A castidade pré-matrimonial conduz a uma bem-sucedida convivência no casamento

Será que alguém que durante a juventude caiu em alguma dependência sexual, como no vício da masturbação, saberá conviver normalmente no casamento? Não, porque então vai simplesmente satisfazer o seu vicio com a ajuda do corpo de sua esposa. Uma perspectiva pouco interessante, você não acha? Especialmente para a esposa.

Sabe-se que nenhum vício cessa somente porque se contraiu o matrimônio: o alcoólatra continua alcoólatra, o viciado em drogas continua viciado em drogas, o viciado em jogos de azar continua a jogar.
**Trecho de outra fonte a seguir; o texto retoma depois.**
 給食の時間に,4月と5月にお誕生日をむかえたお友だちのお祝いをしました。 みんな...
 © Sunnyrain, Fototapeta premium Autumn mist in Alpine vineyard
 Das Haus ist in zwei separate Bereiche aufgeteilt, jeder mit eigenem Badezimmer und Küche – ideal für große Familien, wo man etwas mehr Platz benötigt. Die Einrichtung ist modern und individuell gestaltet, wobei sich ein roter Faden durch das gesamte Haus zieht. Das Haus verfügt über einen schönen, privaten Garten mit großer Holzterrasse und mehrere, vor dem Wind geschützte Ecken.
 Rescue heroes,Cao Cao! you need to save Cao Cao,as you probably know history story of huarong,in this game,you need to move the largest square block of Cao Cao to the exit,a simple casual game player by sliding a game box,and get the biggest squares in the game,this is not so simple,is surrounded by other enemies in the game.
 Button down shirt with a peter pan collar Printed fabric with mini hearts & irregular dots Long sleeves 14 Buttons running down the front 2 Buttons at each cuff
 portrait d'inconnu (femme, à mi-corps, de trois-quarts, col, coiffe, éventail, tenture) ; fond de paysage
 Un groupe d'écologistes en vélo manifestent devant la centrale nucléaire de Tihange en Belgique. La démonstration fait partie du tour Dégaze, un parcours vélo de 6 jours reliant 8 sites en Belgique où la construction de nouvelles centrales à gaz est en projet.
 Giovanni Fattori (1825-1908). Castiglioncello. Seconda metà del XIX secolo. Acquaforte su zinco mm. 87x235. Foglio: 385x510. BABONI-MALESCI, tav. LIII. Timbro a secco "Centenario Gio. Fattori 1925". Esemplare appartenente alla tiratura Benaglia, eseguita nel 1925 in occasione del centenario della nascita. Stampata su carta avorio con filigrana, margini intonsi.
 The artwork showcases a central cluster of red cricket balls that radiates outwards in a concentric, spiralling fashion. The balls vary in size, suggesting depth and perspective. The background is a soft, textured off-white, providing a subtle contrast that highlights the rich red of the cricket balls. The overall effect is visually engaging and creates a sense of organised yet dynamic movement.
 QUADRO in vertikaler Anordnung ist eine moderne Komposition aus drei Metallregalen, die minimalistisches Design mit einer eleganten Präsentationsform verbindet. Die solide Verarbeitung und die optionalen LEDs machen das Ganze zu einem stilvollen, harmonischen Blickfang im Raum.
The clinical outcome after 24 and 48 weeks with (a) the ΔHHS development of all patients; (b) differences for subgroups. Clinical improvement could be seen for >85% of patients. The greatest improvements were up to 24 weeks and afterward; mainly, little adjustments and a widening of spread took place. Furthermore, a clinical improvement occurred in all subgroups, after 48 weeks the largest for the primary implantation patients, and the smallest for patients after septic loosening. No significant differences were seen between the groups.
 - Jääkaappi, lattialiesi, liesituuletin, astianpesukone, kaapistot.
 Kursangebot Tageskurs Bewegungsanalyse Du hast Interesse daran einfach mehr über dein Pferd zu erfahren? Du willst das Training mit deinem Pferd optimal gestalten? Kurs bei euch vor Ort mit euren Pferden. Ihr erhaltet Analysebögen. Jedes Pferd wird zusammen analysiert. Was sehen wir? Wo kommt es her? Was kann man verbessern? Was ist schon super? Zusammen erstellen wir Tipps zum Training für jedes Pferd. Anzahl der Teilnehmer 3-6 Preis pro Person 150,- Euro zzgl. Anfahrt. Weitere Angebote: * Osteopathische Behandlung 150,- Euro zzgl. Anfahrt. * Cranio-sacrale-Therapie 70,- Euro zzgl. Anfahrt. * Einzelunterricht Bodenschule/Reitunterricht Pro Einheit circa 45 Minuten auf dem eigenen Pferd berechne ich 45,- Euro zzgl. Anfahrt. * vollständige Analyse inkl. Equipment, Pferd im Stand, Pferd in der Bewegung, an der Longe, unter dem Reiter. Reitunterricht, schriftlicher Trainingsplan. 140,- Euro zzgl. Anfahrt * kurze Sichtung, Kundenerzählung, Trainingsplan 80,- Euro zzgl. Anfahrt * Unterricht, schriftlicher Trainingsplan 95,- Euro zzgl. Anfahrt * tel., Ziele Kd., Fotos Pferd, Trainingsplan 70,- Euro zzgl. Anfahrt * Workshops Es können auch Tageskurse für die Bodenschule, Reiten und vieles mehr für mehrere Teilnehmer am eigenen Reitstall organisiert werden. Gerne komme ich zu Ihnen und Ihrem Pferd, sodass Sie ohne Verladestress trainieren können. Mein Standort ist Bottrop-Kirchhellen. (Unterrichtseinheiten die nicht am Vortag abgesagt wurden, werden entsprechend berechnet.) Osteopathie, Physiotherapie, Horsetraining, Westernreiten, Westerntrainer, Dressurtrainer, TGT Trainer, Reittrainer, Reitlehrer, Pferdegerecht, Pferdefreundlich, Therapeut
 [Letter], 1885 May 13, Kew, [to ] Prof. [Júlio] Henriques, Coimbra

Pobre esposa… Seu marido se envolveu um dia com a masturbação e depois não quis fazer nada em relação a esse problema, e em consequência entrega-se hoje a esse vício não como outrora, na solidão, mas para isso utiliza-se dela − sua esposa… Utiliza-se da pessoa que lhe devia ser a mais íntima no mundo. Pratica o vício, e chama isso de “prática do amor”… É de chorar… Você acha que nessa situação as esposas não percebem o que está acontecendo?

Pense nos noivos que decidem manter a castidade pré-matrimonial. Certamente isso lhes custa muito, mas no dia do casamento eles têm uma alegria especial. Quem sabe essa alegria não é maior que a dos atletas olímpicos que ocupam o pódio

A convivência matrimonial deve ser uma entrega mútua, uma doação de si mesmo. O marido que ama não se relaciona porque “já não aguenta”. Se não pode aguentar, isso significa que não dá conta do seu instinto sexual. E por que não dá conta? Porque não aprendeu isso. É preciso aprender o autocontrole, ou seja, passar por um período de castidade, para ser capaz de uma convivência matrimonial bemsucedida, que os faz felizes e que expressa o amor.